Leaving aside deliberately ignoring that just about everyone who takes these has a couple of levels of monk anyway...

The first line on unarmed strikes in the book says 'Striking for damage with punches, kicks, and headbutts...'
But sure, baseline they're probably not going to be up to much. But it's not unreasonable to assume that if you're investing in the feats, you'll buy an item or two that supports them (increased damage, Agility to unarmed attacks, whatever).
And that piercing damage works nicely with the Duelist's precise strike ability, too.

Huh, so a Fighter with IUS and a reach weapon threatens adjacent squares? I didn't think so, but it's good to know if so.

As for Agile AoMF, yeah, my Snake/Crane Aldori had that, but she didn't have the cash to make it +1 and Agile in addition to enhancing her main weapon, so it didn't penetrate DR/Magic, which was an enormous pain.


Tels wrote:
I'm not understanding where you're getting this idea that you can't combine two archetypes of the same class in the same build, when you clearly can.

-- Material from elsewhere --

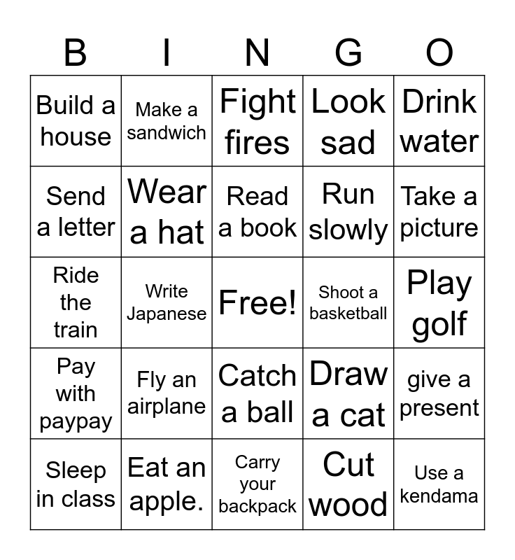 This bingo card has a free space and 24 words: Fly an airplane, Eat an apple., Read a book, Sleep in class, Drink water, Build a house, Send a letter, Make a sandwich, Shoot a basketball, Catch a ball, Run slowly, Ride the train, Draw a cat, give a present, Wear a hat, Cut wood, Play golf, Fight fires, Take a picture, Write Japanese, Use a kendama, Pay with paypay, Look sad and Carry your backpack.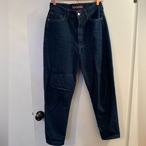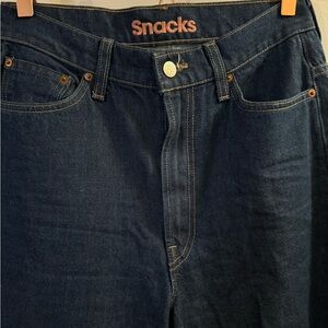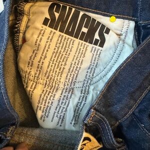 Just a nibble: SNACKS! From MOTHER takes cues from throwback styles of the '80s and '90s, reimagining them with more exaggerated shapes and extreme proportions. The slouchy, oversized jeans feature super-high rises, deep pleats, drop crotches, and inseams that puddle at the hem. Made of rigid 100% cotton, these styles channel the nostalgia of snack time with pretzel-detailed buttons and candy-coated rivets that look good enough to eat.

...I mean that you can't take a level of Monk and then a level of monk (MoMS). Specifically I'm debating how you want to delay your MoMS level so that you can get the bonus feats at the right time. Is that not clear from the context?


Rogue Eidolon wrote:
Generally, I'm not seeing those numbers without also buying Skill Focus (Sense Motive) and being primary Wisdom, and even then not by much.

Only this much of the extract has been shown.